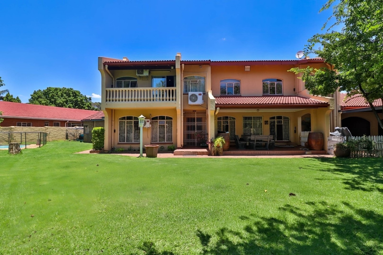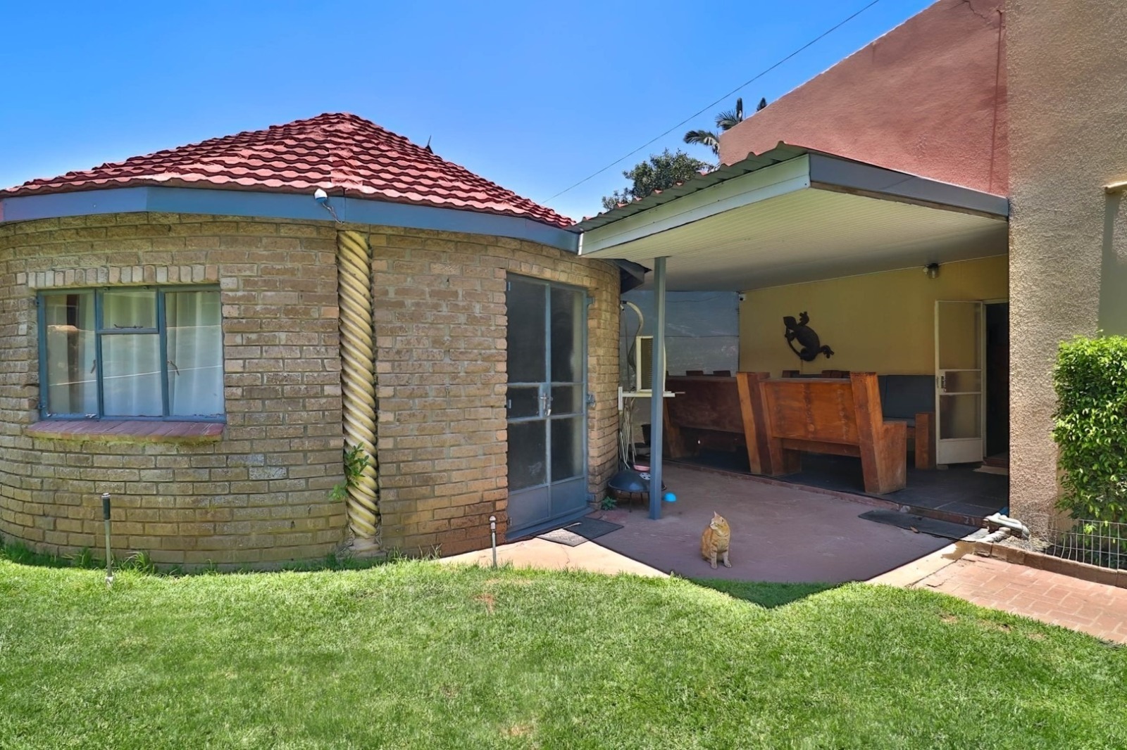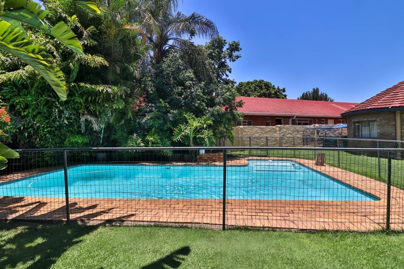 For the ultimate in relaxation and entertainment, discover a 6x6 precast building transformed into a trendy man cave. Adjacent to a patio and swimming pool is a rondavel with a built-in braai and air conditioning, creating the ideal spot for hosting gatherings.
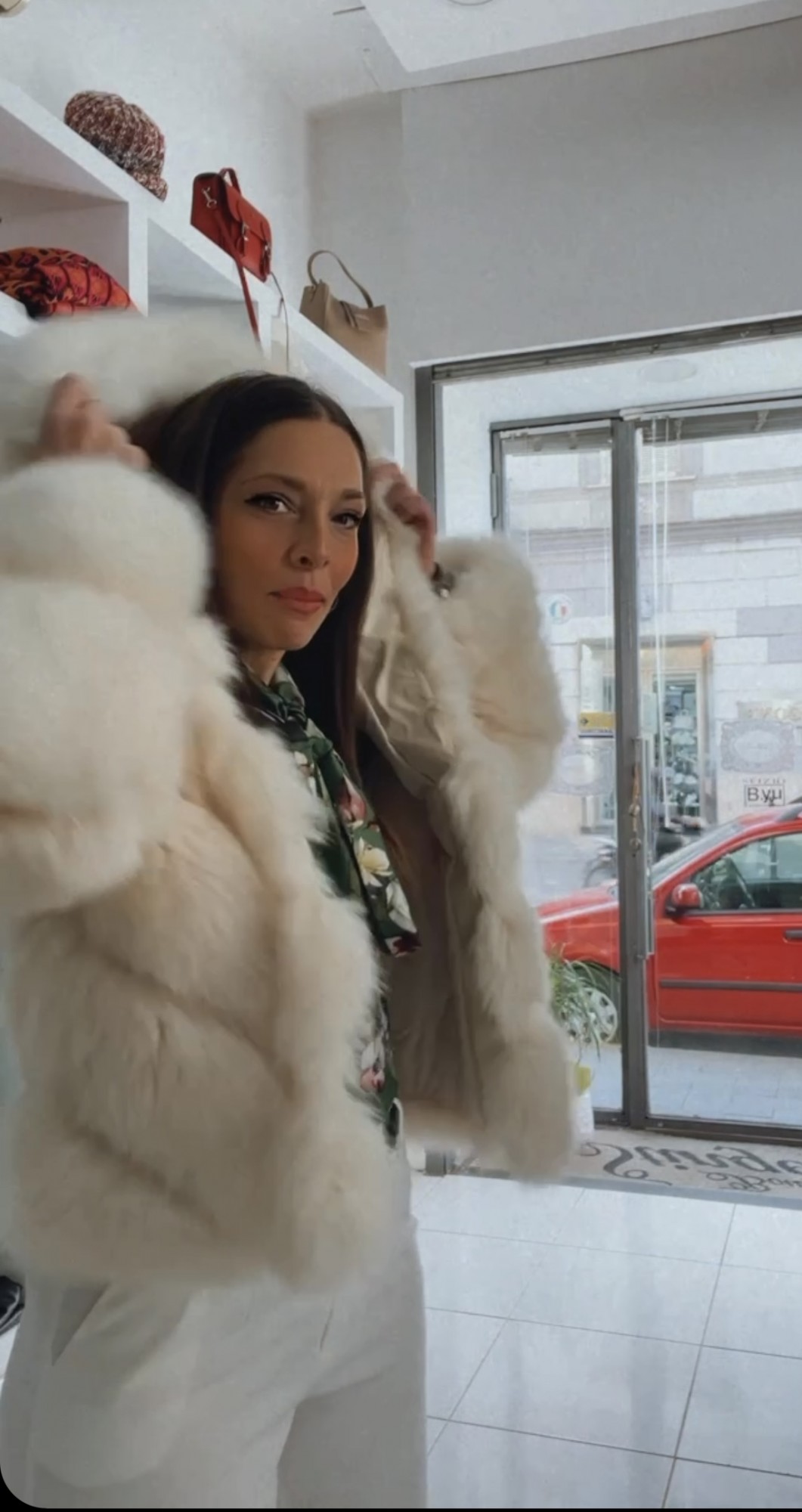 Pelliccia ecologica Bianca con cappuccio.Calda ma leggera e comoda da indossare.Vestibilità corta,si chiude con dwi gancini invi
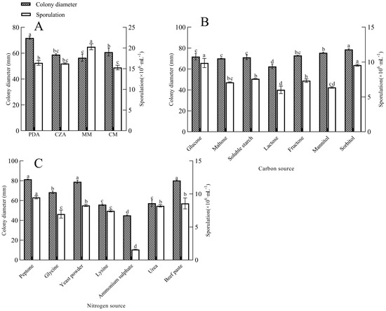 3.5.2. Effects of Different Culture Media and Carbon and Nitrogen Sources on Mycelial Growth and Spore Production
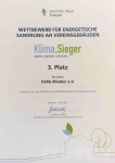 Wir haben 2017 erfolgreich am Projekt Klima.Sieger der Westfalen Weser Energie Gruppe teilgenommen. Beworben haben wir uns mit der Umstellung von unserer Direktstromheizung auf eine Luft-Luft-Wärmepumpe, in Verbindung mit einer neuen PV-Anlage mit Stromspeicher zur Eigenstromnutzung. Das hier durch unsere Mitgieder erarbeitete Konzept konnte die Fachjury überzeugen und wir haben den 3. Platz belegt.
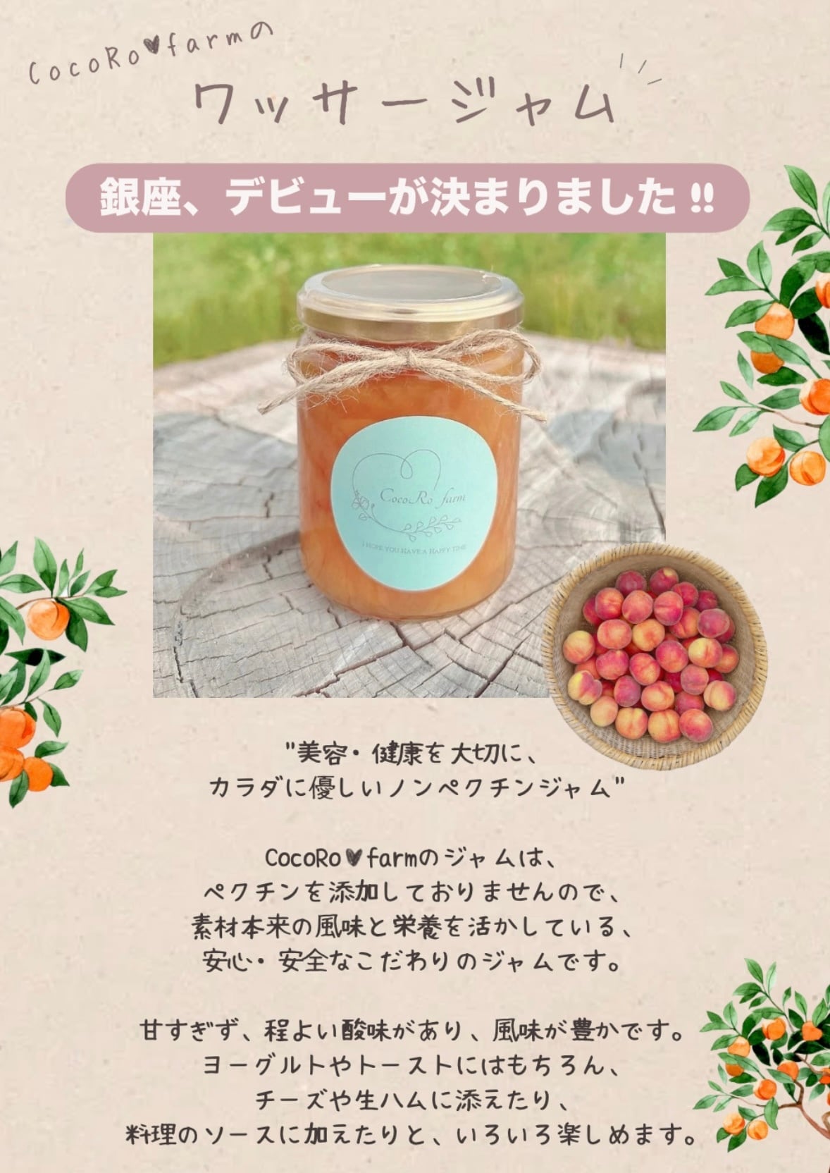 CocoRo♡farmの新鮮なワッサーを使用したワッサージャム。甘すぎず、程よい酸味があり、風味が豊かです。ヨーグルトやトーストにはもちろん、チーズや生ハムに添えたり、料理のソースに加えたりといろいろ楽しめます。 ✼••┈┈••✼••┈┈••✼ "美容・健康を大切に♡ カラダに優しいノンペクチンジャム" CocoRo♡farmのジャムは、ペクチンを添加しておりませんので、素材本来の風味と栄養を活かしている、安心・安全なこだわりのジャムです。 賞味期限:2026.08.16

════════════════════

Task to complete: Restate the data word for word from its first line through the line with "3.5.2. Effects of", leaving out any picture along the way.

Response to this task:
 For the ultimate in relaxation and entertainment, discover a 6x6 precast building transformed into a trendy man cave. Adjacent to a patio and swimming pool is a rondavel with a built-in braai and air conditioning, creating the ideal spot for hosting gatherings.
 Pelliccia ecologica Bianca con cappuccio.Calda ma leggera e comoda da indossare.Vestibilità corta,si chiude con dwi gancini invi
 3.5.2. Effects of Different Culture Media and Carbon and Nitrogen Sources on Mycelial Growth and Spore Production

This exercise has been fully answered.